In the present case, the petitioner was undergoing treatment and needed a donor to transplant his kidney. A close friend of his was ready to donate. Therefore, they applied to the Authorization Committee for granting the permission. However, the concerned authority had rejected to grant permission on the ground the donor was involved in multiple criminal offences under the Act substituted by the 2014 Rules.
WP (C) No. 16216/2021
DATE OF JUDGEMENT:
27th August 2021
Justice P.V Kunhikrishnan
Petitioner- Radhakrishna Pillai
Respondent- District Level Authorization Committee for Transplantation of Human Organs, Ernakulam
- The Kerala High Court reiterated that criminal antecedents of an organ donor are not criteria to be considered by the Authorization Committee for transplantation of human organs.
- The petitioner here in the present case was a kidney patient and he was undergoing treatment for his kidney problem at the Medical Trust Hospital, Ernakulam. Both the kidneys of the petitioner were spoiled and needed urgent transplantation. The petitioner had no other close relatives to donate a kidney. The driver of the petitioner was in a close relationship with the first petitioner. He was ready to donate his kidney to the petitioner.
- The petitioners submitted an application to the Authorization Committee for getting permission.

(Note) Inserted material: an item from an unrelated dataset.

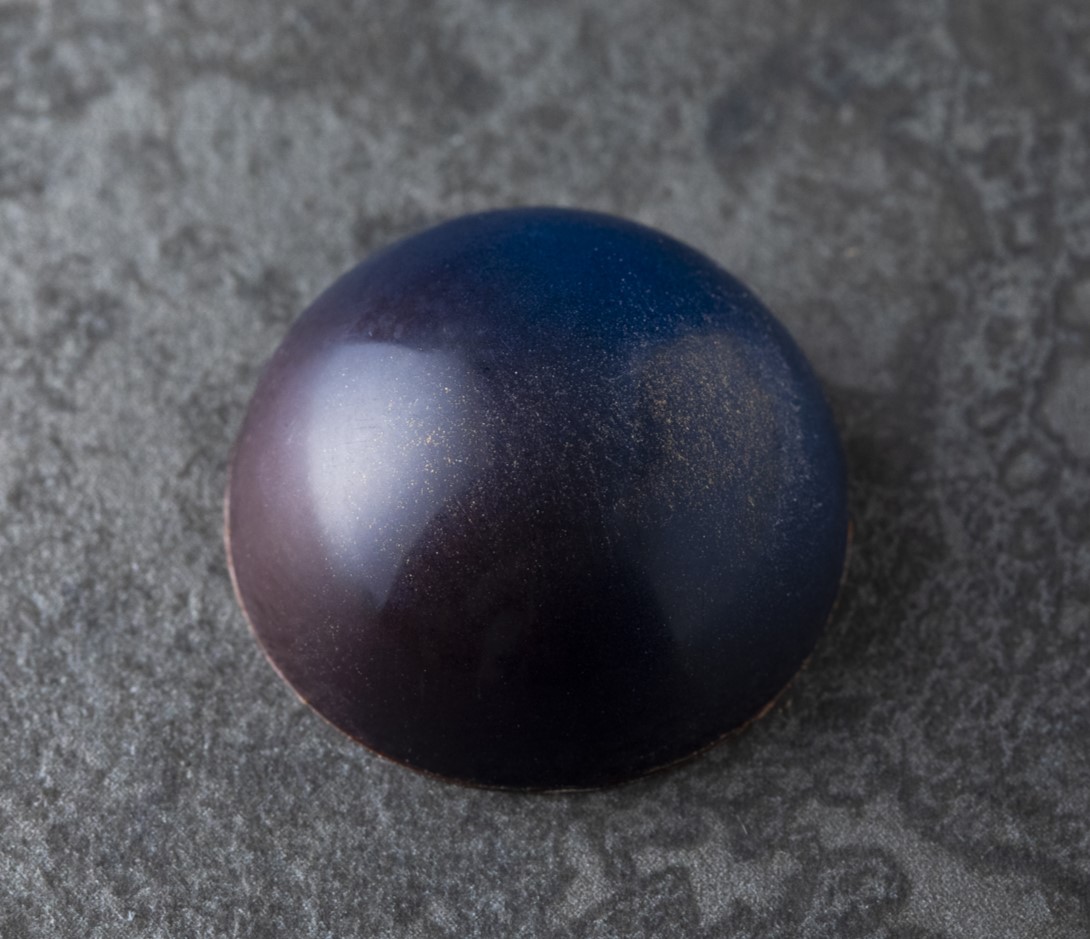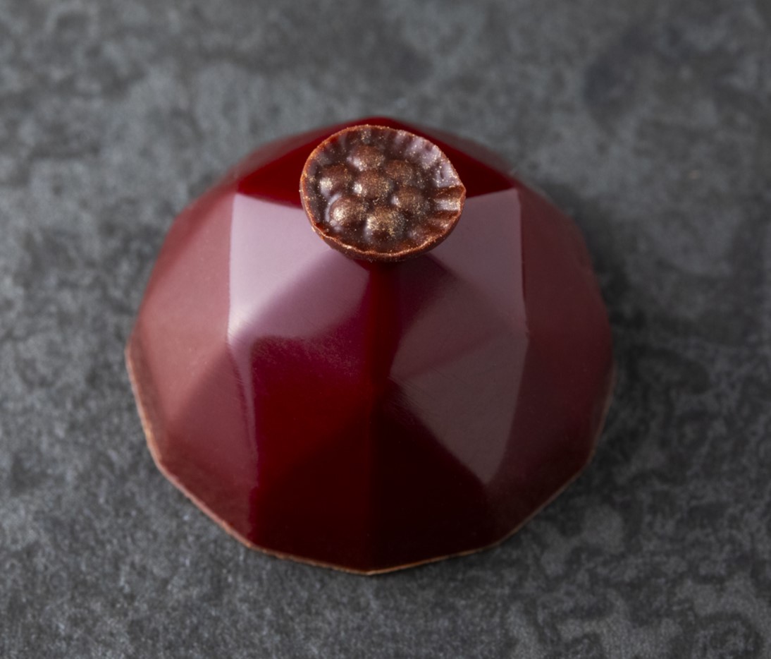 深みのある赤色が印象的なダークチョコレート。 爽やかな酸味のラズベリーとヴァローナ社のマンジャリを合わせたガナッシュの上に、「ポルトガルの宝石」と称されるポートワインに漬け込んだ白イチジクのコンフィを忍ばせました。ラズベリーの華やかな酸味とイチジクの凝縮した甘み、ダークチョコレートの力強いカカオ感が幾層にも重なり合う、奥行きのある味わいをお楽しみいただけます。 |

- The concerned authorities, after considering such an application, had not passed any order. Then, a contempt case was filed for non-compliance with the directions. Thereafter, the Authorization Committee (here as “respondent”) had rejected the grant for permission on the ground that the donor was involved in multiple criminal offences under the Act substituted by the 2014 Rules.
- Aggrieved by the Authorization Committee’s order, the writ petition was filed before the court.

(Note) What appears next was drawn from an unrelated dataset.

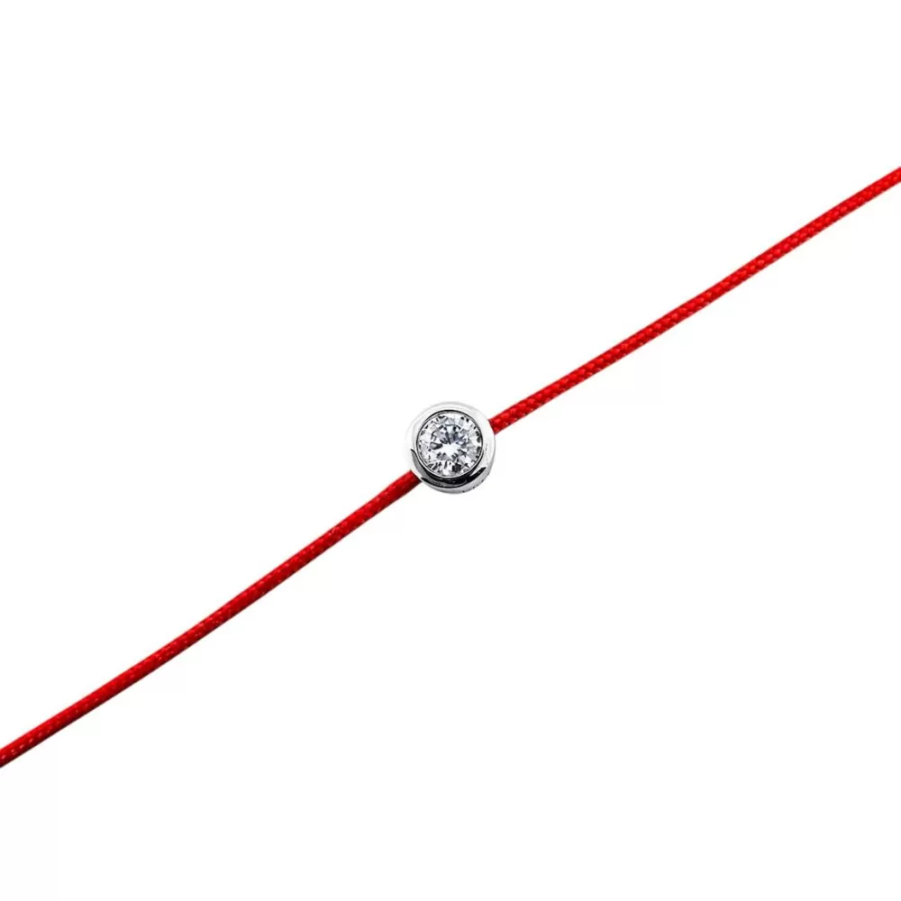 Pulsera hilo rojo en oro blanco con diamante talla brillante (0.13 ct, color G, pureza VS).

Transplantation of Human Organs and Tissues Act, 1994 substituted by the Rules 2014:
- Section 9(6) of the Act says that the permission can be rejected only if the requirements of the Acts and the Rules made thereunder are not complied with.
- Whether the Act or Rules bar a person with criminal antecedents from donating an organ?
- The contention raised before the court by the petitioner that a person who is involved in multiple criminal offences cannot be a donor is unsustainable. He admitted that although the earlier rule which was in force from 1994 mandated that the donor should not have any criminal antecedents, the same was substituted by the 2014 Rules. Therefore, such stipulation is not there in the new law.
- The Government Pleader agreed with the petitioner's contention and had submitted that there is an alternative remedy to the petitioners against the order passed by the authorities and they can file an appeal under Section 17 of the Act.
- The court decided after hearing the contentions raised by the petitioners and the Government Pleader that the provisions in the Act clearly state that it is to prevent commercial dealings in human organs and tissues.
- The court found no provision to support the stand of the Authorization Committee either in the Act or in the 2014 Rules, which say that the organ of a person, who is involved in criminal offences, cannot be accepted by the authority.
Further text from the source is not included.